The reason the last round of China-U.S. talks did not reach an agreement is because the United States tried “to achieve unreasonable interests through extreme pressure”, Lu said.”From the start, this wouldn’t work.”

China went into the last round of talks with a sincere and constructive attitude, he said.

“I would like to reiterate once again that China-U.S. economic and trade consultation can only follow the correct track of mutual respect, equality and mutual benefit for there to be hope of success.”

No further trade talks between top Chinese and U.S. trade negotiators have been scheduled since the last round ended on May 10 – the same day Trump raised the tariff rate on $200 billion worth of Chinese products from 10 percent.

Trump took the step after the United States said China backtracked on commitments in a draft deal that had been largely agreed to.

STERNER TONE

Since then, China has struck a sterner tone, suggesting that a resumption of talks aimed at ending the 10-month trade war between the world’s two largest economies was unlikely to happen soon.

Beijing has said it will take “necessary measures” to defend the rights of Chinese companies but has not said whether or how it will retaliate over the U.S. actions against Huawei.

The editor of the Global Times, an influential tabloid run by the ruling Communist Party’s People’s Daily, tweeted on Monday that he had switched to a Huawei phone, although he said his decision did not mean that he thinks it is right to boycott Apple and said he was not throwing away his iPhone.

“While the U.S. spares no efforts to subdue Huawei, out of personal belief, I chose to support the well-respected company by using its product,” Hu Xijin tweeted.
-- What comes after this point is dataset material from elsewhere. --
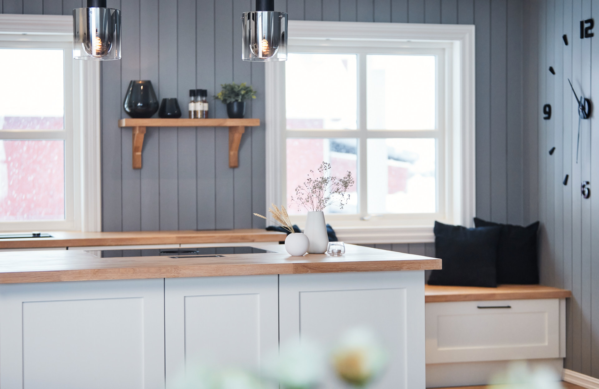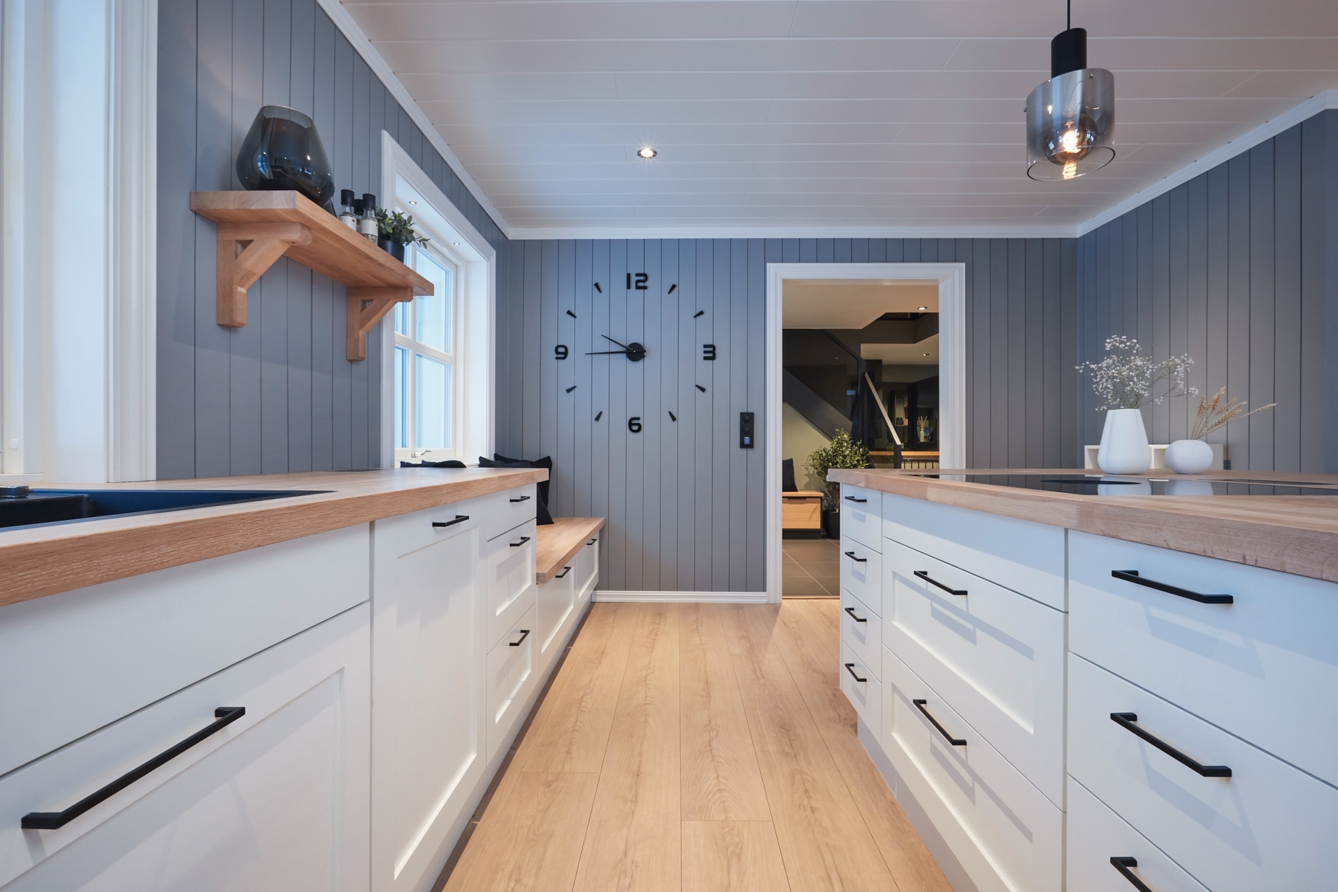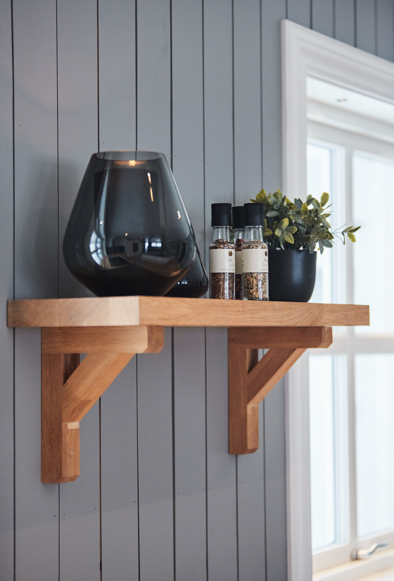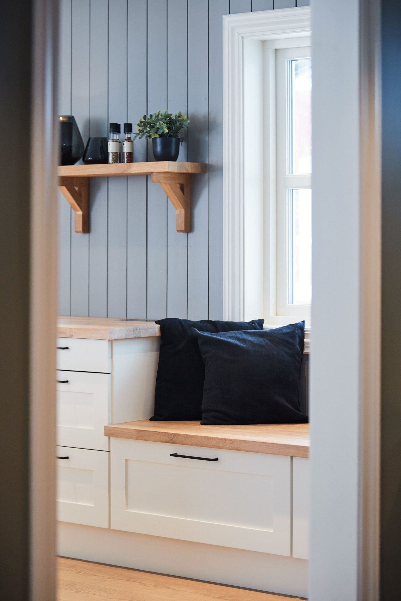 Hylla på veggen er laget av samme materiale og finish som benkene.
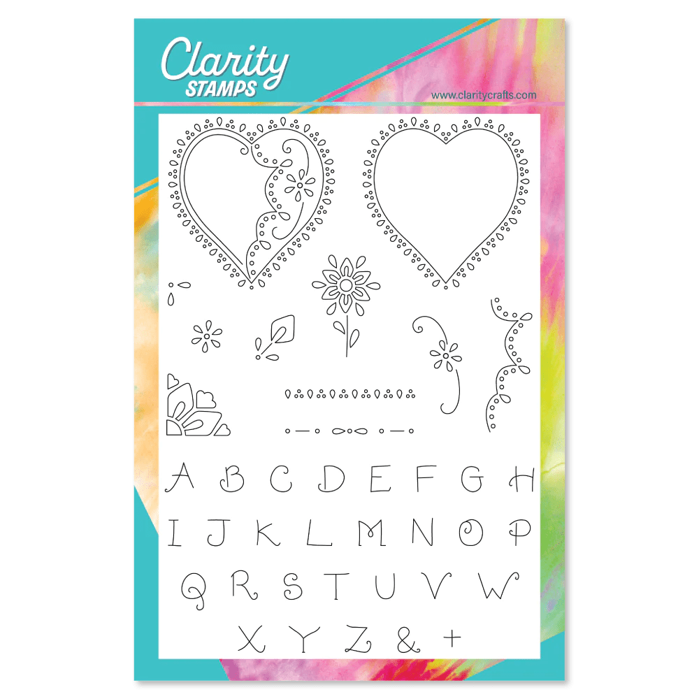 I’m back with a second card today, as ClarityCrafts‘ Barbara Gray is hosting A Moment of Clarity on the Clarity Worldwide Facebook page tomorrow evening (7pm Friday 19th April) with the fab new ‘loving heart’ stamp set, so this little offering is to tempt you in! These are beautifully delicate designs drawn by Barbara – perfect for the wedding season that’s heading towards us!

Trump, who said the interview with Fox News host Steve Hilton had taken place two days after he raised the tariffs, said he would be happy to simply keep tariffs on Chinese products, but said that he believed that China would eventually make a deal with the United States “because they’re getting killed with the tariffs”.

But he said that he had told Chinese President Xi Jinping before the most recent rounds of talks that any deal could not be “50-50” between the two countries and had to be more in favor of the United States because of past trade practices by China.